Data segment
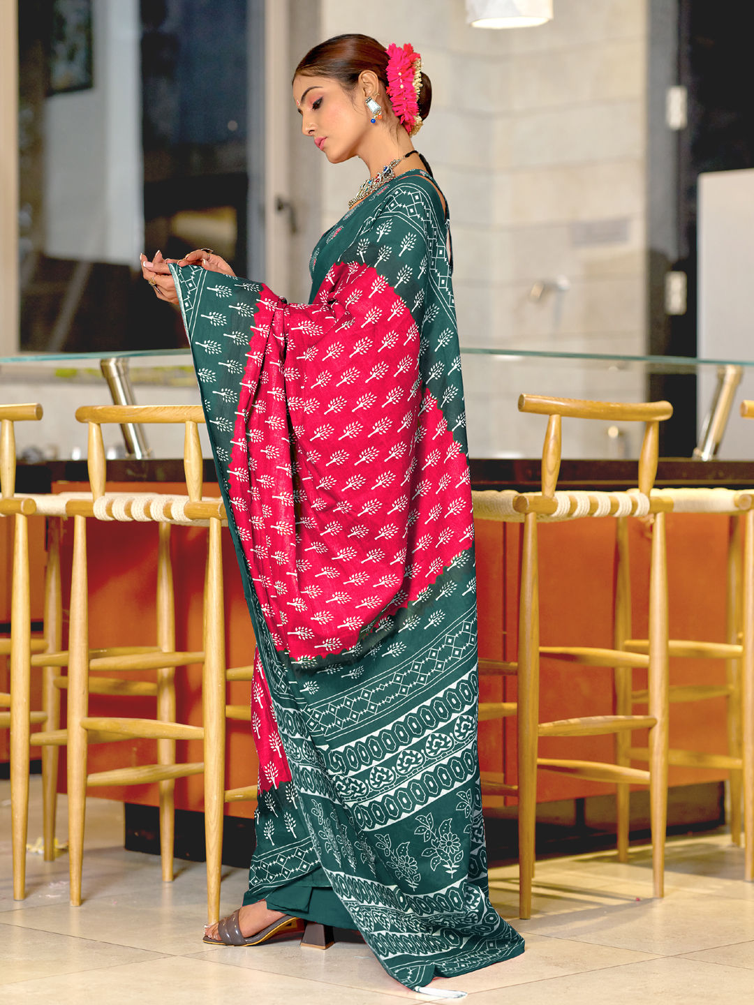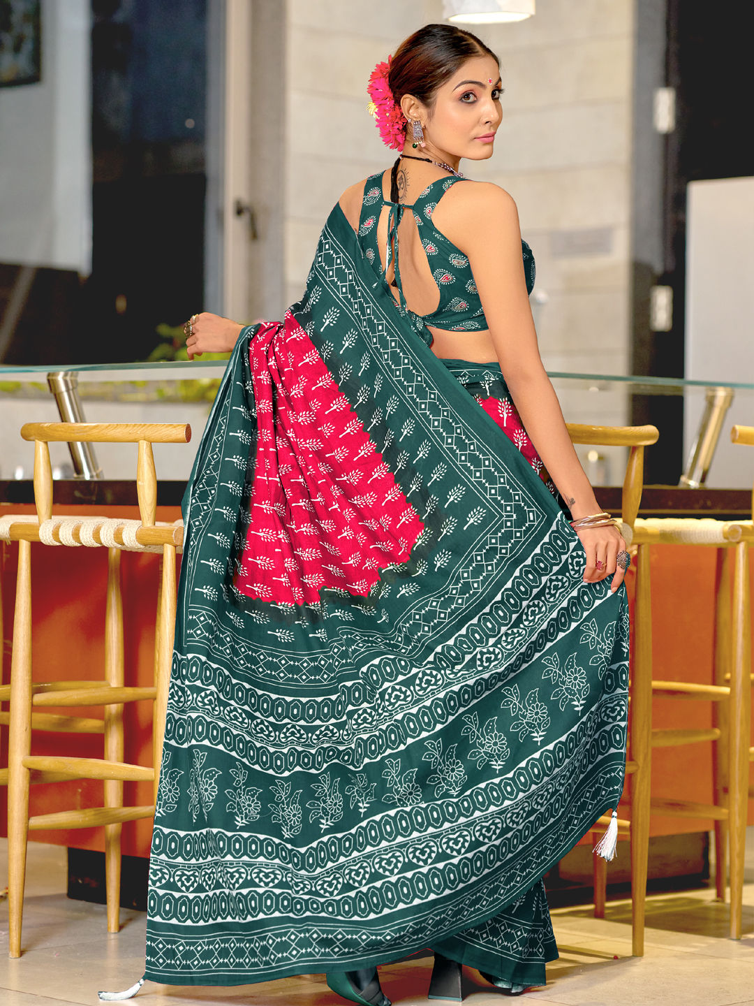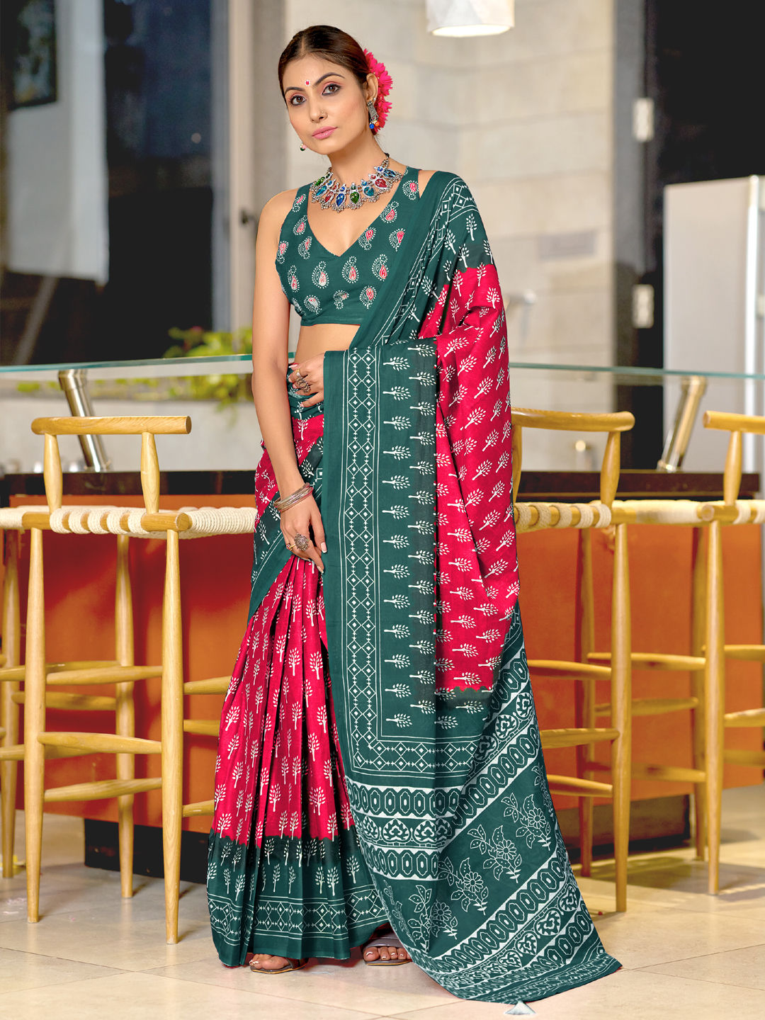 Pink and Majenta color Saree in Cotton fabric with Printed work
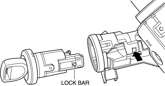 2. Insert a pin from the position indicated by the arrow in the figure, and while pressing the lock bar with the pin, remove the key cylinder from the steering lock component.
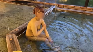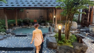 A Japanese couple enjoys a hot spring, then they do stocking costume and have sex
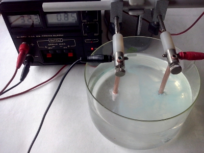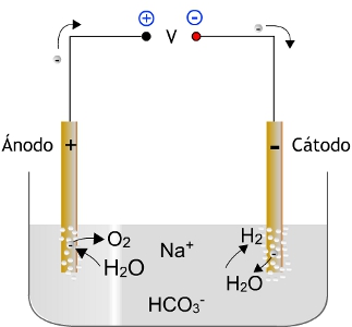 electrolisis de una disolución acuosa de NaHCO3. La sal estará

Required work
Extract the lines exactly, please: the first line of the listing, the line with "A Japanese couple", and every line between them, but no pictures.

Answer to this task
 Pink and Majenta color Saree in Cotton fabric with Printed work
 2. Insert a pin from the position indicated by the arrow in the figure, and while pressing the lock bar with the pin, remove the key cylinder from the steering lock component.
 A Japanese couple enjoys a hot spring, then they do stocking costume and have sex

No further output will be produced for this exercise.